What you have to do » An exact copy of the lines from the one containing "donošenja u kolonu" to the end of the records below is required, and nothing else.

═══

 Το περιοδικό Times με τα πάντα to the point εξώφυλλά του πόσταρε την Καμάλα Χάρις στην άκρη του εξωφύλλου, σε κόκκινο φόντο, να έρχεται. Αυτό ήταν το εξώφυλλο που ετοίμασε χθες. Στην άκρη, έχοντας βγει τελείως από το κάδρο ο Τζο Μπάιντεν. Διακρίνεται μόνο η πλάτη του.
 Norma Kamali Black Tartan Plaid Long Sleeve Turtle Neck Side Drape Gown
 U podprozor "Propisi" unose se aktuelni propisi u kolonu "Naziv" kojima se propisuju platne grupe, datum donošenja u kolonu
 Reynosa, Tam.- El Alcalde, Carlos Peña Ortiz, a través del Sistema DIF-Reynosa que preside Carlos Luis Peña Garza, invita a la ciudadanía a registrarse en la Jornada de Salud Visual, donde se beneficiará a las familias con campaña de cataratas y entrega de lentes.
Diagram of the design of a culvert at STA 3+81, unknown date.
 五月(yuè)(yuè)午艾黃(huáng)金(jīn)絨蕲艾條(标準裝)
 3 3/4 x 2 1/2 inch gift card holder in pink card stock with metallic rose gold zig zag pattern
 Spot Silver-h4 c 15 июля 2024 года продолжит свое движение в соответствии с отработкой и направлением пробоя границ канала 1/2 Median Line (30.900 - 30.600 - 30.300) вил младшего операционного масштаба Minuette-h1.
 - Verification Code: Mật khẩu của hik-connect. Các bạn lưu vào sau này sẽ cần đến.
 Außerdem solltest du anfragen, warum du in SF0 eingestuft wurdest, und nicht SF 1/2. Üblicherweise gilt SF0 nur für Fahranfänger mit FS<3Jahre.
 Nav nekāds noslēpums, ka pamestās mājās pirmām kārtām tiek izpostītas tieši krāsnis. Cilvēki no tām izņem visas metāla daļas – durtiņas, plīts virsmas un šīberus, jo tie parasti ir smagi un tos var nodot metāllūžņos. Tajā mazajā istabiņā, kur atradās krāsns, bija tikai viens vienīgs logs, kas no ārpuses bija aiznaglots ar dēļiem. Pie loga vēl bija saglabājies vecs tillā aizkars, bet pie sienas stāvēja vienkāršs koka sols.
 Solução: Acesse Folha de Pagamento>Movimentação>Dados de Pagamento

═══

Response »
 U podprozor "Propisi" unose se aktuelni propisi u kolonu "Naziv" kojima se propisuju platne grupe, datum donošenja u kolonu
 Reynosa, Tam.- El Alcalde, Carlos Peña Ortiz, a través del Sistema DIF-Reynosa que preside Carlos Luis Peña Garza, invita a la ciudadanía a registrarse en la Jornada de Salud Visual, donde se beneficiará a las familias con campaña de cataratas y entrega de lentes.
Diagram of the design of a culvert at STA 3+81, unknown date.
 五月(yuè)(yuè)午艾黃(huáng)金(jīn)絨蕲艾條(标準裝)
 3 3/4 x 2 1/2 inch gift card holder in pink card stock with metallic rose gold zig zag pattern
 Spot Silver-h4 c 15 июля 2024 года продолжит свое движение в соответствии с отработкой и направлением пробоя границ канала 1/2 Median Line (30.900 - 30.600 - 30.300) вил младшего операционного масштаба Minuette-h1.
 - Verification Code: Mật khẩu của hik-connect. Các bạn lưu vào sau này sẽ cần đến.
 Außerdem solltest du anfragen, warum du in SF0 eingestuft wurdest, und nicht SF 1/2. Üblicherweise gilt SF0 nur für Fahranfänger mit FS<3Jahre.
 Nav nekāds noslēpums, ka pamestās mājās pirmām kārtām tiek izpostītas tieši krāsnis. Cilvēki no tām izņem visas metāla daļas – durtiņas, plīts virsmas un šīberus, jo tie parasti ir smagi un tos var nodot metāllūžņos. Tajā mazajā istabiņā, kur atradās krāsns, bija tikai viens vienīgs logs, kas no ārpuses bija aiznaglots ar dēļiem. Pie loga vēl bija saglabājies vecs tillā aizkars, bet pie sienas stāvēja vienkāršs koka sols.
 Solução: Acesse Folha de Pagamento>Movimentação>Dados de Pagamento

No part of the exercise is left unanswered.